Travailler son empathie, et donc son intelligence émotionnelle, est indispensable pour tout leader s’il veut pouvoir jouer sur toutes les dimensions du leadership. Et d’autant plus de nos jours, avec les nouvelles générations. Comment réussir pour le bien-être de tous (hommes et entreprises) sans une forte dose d’empathie ? « Essayez l’autorité ! » seraient tentés de dire certains, se référant à d’archaïques schémas…



Auteurs : Patrick Buffet & Xavier Baudard

mercredi 11 février 2015

« LEADERSHIP DE COMMANDO », OU QUAND LE MANAGEMENT VIENT EN RENFORT DU LEADERSHIP



Le « leadership de commando » est la dénomination que l’on pourrait donner au leadership exercé avec une petite équipe, cas que l’on retrouve chez un dirigeant de TPE ou de petite PME.  On explorera aussi le cas des petites équipes ou des petites filiales autonomes d’un grand groupe ; car elles présentent beaucoup de similitudes avec les PME, en termes de leadership.

La dénomination de « leadership de commando » est très spécifique, due au fait que ce type de leadership s’exprime différemment de celui qu’on exerce à la tête de grandes structures. A tel point que l’on peut être un bon leader de commando et un piètre leader de grandes structures.


Lorsqu’il dirige des équipes de tailles conséquentes (plusieurs niveaux hiérarchiques par exemple), un dirigeant n’exerce normalement son management qu’avec sa garde rapprochée (sauf à faire du micro-management, ce qui est de l’anti-leadership par excellence). Et plus l’on s’éloigne de lui dans l’organigramme, plus son image de manager s’amoindrit, et plus les gens ne regardent et ne perçoivent que son rôle de leader. Donc plus son leadership se doit d’être prégnant et efficace, car le dirigeant, lointain au quotidien, ne pourra pas compenser ses imperfections de leadership par la qualité de son management. Or beaucoup de dirigeants, parce qu’ils ont été formés au management et maîtrisent ce rôle mieux que celui de leader, ont tendance à penser qu’être un bon manager leur donne une aura suffisante de leader. Mais ce n’est pas le cas. A la tête d’une grande structure, un dirigeant est regardé par l’ensemble de ses collaborateurs sous l’angle du leader et non du manager.

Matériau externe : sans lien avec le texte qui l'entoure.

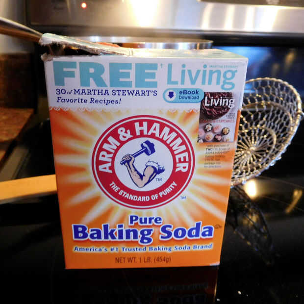 2. Añadir 1/4 de taza de bicarbonato de Sosa lentamente (un poco a la vez). Si se añade todo a la vez el agua se desborde el bote... PROMETO!!!!!!

Sur une petite équipe en revanche, le dirigeant est dans un rôle de leader, mais aussi de manager, du fait de la proximité avec ses équipes. Il peut donc, suivant les situations, être davantage manager que leader, ou l’inverse (mais le premier cas est en général plus simple et plus fréquent), et ainsi combler les imperfections d’un de ses rôles grâce à l’autre. Mais si c’est un bon manager, le risque est qu’il ne travaille pas suffisamment son leadership, se camouflant, sans en avoir conscience, derrière son management. Ce qui peut être un vrai piège si, repéré par quelque chasseur de têtes ou DRH pour ses performances actuelles, il dirige demain une grande structure.

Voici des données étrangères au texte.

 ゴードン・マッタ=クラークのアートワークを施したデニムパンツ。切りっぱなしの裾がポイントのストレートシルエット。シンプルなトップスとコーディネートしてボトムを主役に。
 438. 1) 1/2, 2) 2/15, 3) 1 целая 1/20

Passer de la direction d’une équipe de petite taille à une équipe de grande taille nécessite donc d’amplifier son rôle de leader au « détriment » de celui de manager. Ceci implique d’aligner clairement ses convictions et ses postures (cf. article correspondant : Le Véritable Leader, un Cristal Pur) et de réussir ses métamorphoses de manager (article correspondant : Du Manager au Leader, 8 Métamorphoses d’une TransformationEssentielle). 
A l’inverse, passer à une petite équipe après en avoir dirigé de grandes nécessite de renforcer son rôle de manager, du fait de la proximité avec ses collaborateurs, sans pour autant édulcorer son leadership. Mais travailler son management étant généralement plus simple que son leadership, cette évolution est souvent plus aisée.